Gucci posted 3.1 percent growth in comparable sales, below analysts' expectations of 5 to 6 percent and slowing from 4.8 percent growth in the last quarter of 2015.
Kering's second luxury brand Bottega Veneta posted an 8.3 percent drop in comparable sales, suffering from its strong exposure to Asian clientele.
The luxury goods industry has had a difficult start to the year, partly due to the Chinese economic slowdown and a sharp drop in tourist traffic in shopping hotspots such as Paris, Milan and Hong Kong and Macau.
The Kering group overall posted 2.724 billion euros in first quarter sales, below expectations in a Reuters poll of 2.767 billion euros.

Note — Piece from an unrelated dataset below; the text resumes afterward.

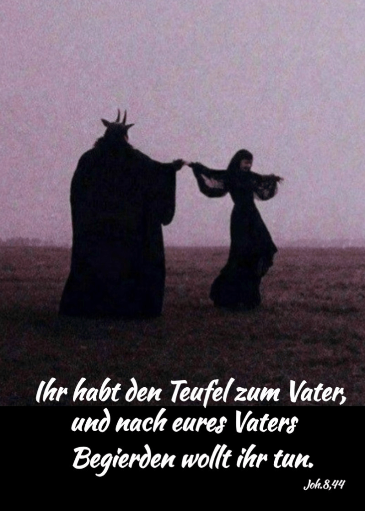 Ihr habt den Teufel zum Vater, und was euer Vater begehrt, wollt ihr tun! Der war ein Menschenmörder von Anfang an und steht nicht in der Wahrheit, denn Wahrheit ist nicht in ihm. Wenn er die Lüge redet, so redet er aus seinem Eigenen, denn er ist ein Lügner und der Vater derselben.

"Kering's solid first-quarter 2016 performance in a challenging market environment bears testimony to our focus on driving organic growth," François-Henri Pinault, Kering's Chairman and Chief Executive Officer said in a statement.
"We are confident that we can extend our growth trajectory over the full year thanks to our multi-brand model, our continued strict operating and financial discipline, and the top-quality work of all our teams."
Kering is among the last of luxury groups to report first-quarter sales after rivals Prada (HK:1913), LVMH (PA:LVMH), Richemont (VX:CFR) and Burberry (L:BRBY) have all said they were suffering from weaker demand since the start of the year.